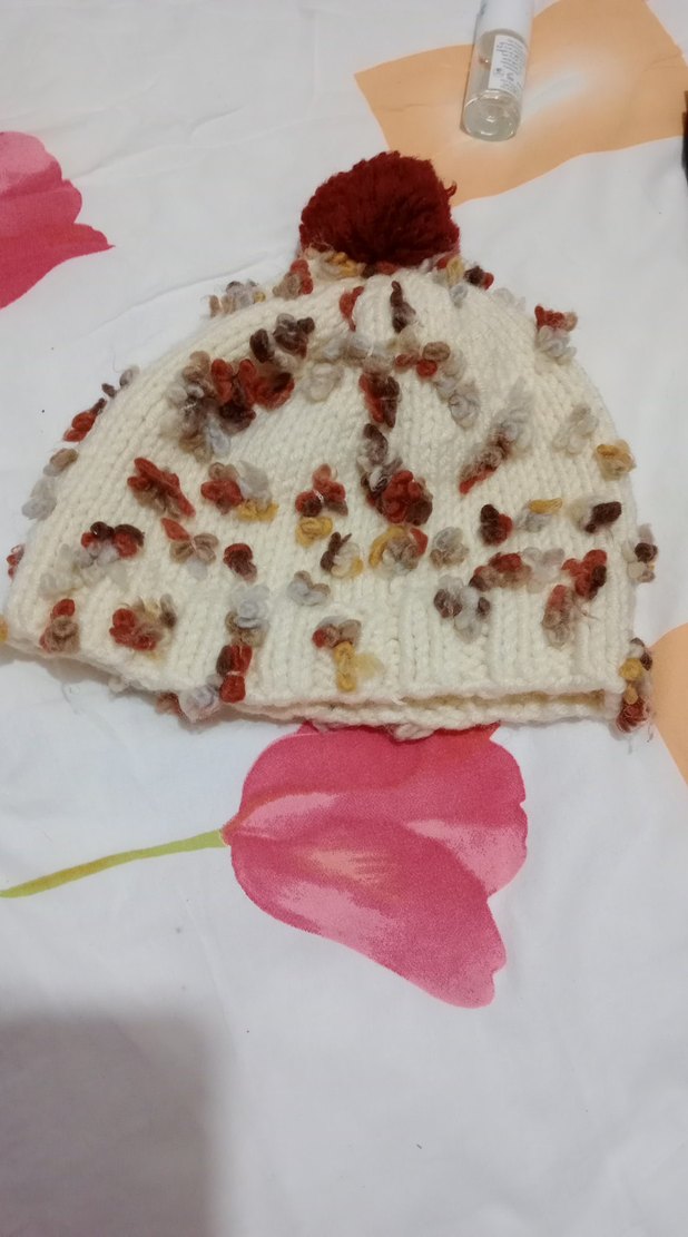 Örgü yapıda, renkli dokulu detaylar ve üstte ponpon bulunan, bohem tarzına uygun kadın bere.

==

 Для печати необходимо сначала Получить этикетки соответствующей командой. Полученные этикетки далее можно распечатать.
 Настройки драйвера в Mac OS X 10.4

**WHAT TO WORK ON**.
Where the listing above has a line with "Для печати необходимо", start there, and output every line exactly through the line with "Настройки драйвера в Mac OS X 10.4", which is also included.

**REPLY TO THE EXERCISE**.
 Для печати необходимо сначала Получить этикетки соответствующей командой. Полученные этикетки далее можно распечатать.
 Настройки драйвера в Mac OS X 10.4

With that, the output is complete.